The 22-year-old roared to the second pole position of his career, his first coming in Malaysia in March this year, with a lap of one minute 21.688 seconds in final qualifying at the Hungaroring.
He will share the front row with Williams's Ralf Schumacher, who had been due to start 10 places further down the grid before his punishment for causing an accident at the last race was translated into a $50,000 fine.
Ralf was the highest placed title contender but he must start on the dirty side of the track going into a tight first corner.
Ralf's older brother Michael, Ferrari's overall leader and five times world champion, endured his worst qualifying of the season with eighth place at a circuit where he clinched the title in 2001.
He starts alongside McLaren's Kimi Raikkonen.
Colombian Juan Pablo Montoya, Michael Schumacher's closest title rival who needs to beat the German by seven points to secure the overall lead, starts on the second row alongside Jaguar's Australian Mark Webber.
Schumacher has 71 points, Montoya 65, Raikkonen 62 and Ralf 53 with three races remaining after Hungary in one of the closest championships in years.
"It didn't work out very well today. I assume I was trying too hard to do too much and that's why it didn't work out," the older Schumacher said.
Webber was third quickest, 0.339 slower than Alonso.
"Tomorrow is more difficult but here I have been confident all weekend," said Alonso. "I hope to finish on the podium because I haven't since Barcelona and I want the same feeling again.
"Hopefully our 'launch control' will work as usual and I hope to arrive at the first corner in first place."
Sunday's race will tell what fuel levels drivers qualified on but it was still an impressive performance from Alonso, who turned 22 on July 29 and finished second to Ferrari's Schumacher in his home Spanish Grand Prix in May.
If he wins on Sunday he will be younger than New Zealander Bruce McLaren, winner at Sebring in the United States in 1959 aged 22 years and 104 days.
American Troy Ruttman won the Indianapolis 500 in 1952 aged 22 and 80 days when that event counted towards the world championship.
Ralf was happy to be ahead of Montoya but disappointed to miss what would have been his fourth pole of the year. "Certainly I'm not so happy with being second," he said.
"Being on the inside here, on the dirty line, is not the best place to be but hopefully Fernando will be nice and kind and open the door tomorrow and then it will be a nice race."
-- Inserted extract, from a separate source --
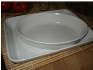
2 x Auflaufformen NT$ 300
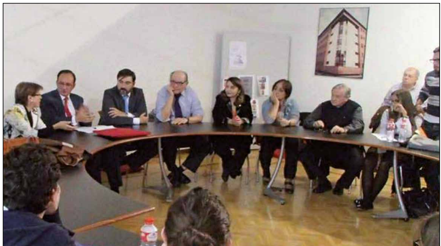
Los participantes en las Jornadas siguen con atención una de las ponencias.

Brazilian Rubens Barrichello, last year's winner in Hungary in the second Ferrari, starts in the third row as the highest placed driver on Bridgestone tyres. Alonso's Italian team mate Jarno Trulli is alongside.
Zsolt Baumgartner, Hungary's first Formula One driver, qualified 19th on his grand prix debut as a late stand-in for injured Briton Ralph Firman of Jordan.
Firman was ruled out after crashing heavily in morning practice, suffering concussion and an ankle injury.